But Hesgard said that approach has endangered the rural community with a population of 1,140 residents. To underscore his argument, he pointed out that state fire officials have determined that the fire started when a dead tree fell across a powerline. The sparks from that contact about 11 a.m. on Tuesday ignited dry grass about 300 yards south of Interstate 84 on Herman Creek Road. A stiff breeze quickly sent those flames leaping across the freeway and racing through meadows and wooded areas along the eastern edge of town.

Within the next 24 hours, the blaze spread to more than 450 acres and destroyed three structures, including a former bed and breakfast that was being rented by three individuals, an abandoned house and a barn. The fire also threatened dozens of other homes and 200 people were evacuated from neighborhoods along Forest Lane.

A traffic snarl ensued for law enforcement officials when both lanes of I-84 were shut down abruptly on Sept. 2 between Hood River and Troutdale.
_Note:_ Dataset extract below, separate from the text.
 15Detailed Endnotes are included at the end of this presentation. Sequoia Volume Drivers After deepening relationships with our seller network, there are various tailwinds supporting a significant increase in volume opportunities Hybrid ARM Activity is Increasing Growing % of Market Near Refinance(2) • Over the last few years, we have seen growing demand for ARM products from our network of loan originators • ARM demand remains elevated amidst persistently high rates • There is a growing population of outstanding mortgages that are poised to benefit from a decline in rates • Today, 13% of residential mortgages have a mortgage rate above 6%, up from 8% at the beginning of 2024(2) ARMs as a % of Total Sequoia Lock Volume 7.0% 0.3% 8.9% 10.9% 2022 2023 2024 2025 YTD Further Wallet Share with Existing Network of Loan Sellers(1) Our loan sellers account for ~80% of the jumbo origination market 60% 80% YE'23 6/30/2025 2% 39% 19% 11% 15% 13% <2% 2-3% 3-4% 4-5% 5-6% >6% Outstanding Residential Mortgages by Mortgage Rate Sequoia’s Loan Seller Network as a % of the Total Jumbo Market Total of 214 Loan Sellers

One motorist was apparently frightened by the approaching flames and unhitched a travel trailer that was abandoned in an eastbound lane. As the line of stranded cars quickly grew, the Port of Hood River gave free passage to about 7,000 cars and trucks between 12:30 p.m. and midnight, losing $6,585 in revenue. On Wednesday, that count was even higher at 12,867 vehicles and a loss of about $11,000 — but port authorities said public safety was their first priority.
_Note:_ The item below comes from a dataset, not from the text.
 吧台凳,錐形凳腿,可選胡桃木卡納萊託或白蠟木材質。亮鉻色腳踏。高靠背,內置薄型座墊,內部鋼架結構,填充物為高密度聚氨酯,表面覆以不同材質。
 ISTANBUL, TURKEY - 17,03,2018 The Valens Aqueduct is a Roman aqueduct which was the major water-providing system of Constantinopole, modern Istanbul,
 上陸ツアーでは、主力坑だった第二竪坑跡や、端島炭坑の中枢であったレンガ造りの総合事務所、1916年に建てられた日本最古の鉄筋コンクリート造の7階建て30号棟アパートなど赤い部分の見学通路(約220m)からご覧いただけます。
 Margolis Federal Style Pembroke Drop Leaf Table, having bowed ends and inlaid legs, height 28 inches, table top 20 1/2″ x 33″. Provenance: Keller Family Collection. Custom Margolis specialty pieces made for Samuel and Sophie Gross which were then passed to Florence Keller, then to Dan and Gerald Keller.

“This is a courtesy that we do when there is an unforeseen emergency,” said Linda Shames, port finance director.

Temperatures soared above 90 degrees both days as Hood River City Police Chief Tony Dirks and his officers manned the junctions of Highway 35 and Interstate 84, blocking vehicles from entering the freeway and directing them toward alternate routes.

Meanwhile, across the Columbia River the eastbound lanes of State Route 14 quickly came to a stand-still. Vehicles were backed up from the Hood River Tollbridge to Home Valley and several minor accidents occurred. The Washington State Department of Transportation and Washington State Police helped Klickitat and Skamania county law enforcement officials direct traffic at major intersections and allowed only local access over the Bridge of the Gods.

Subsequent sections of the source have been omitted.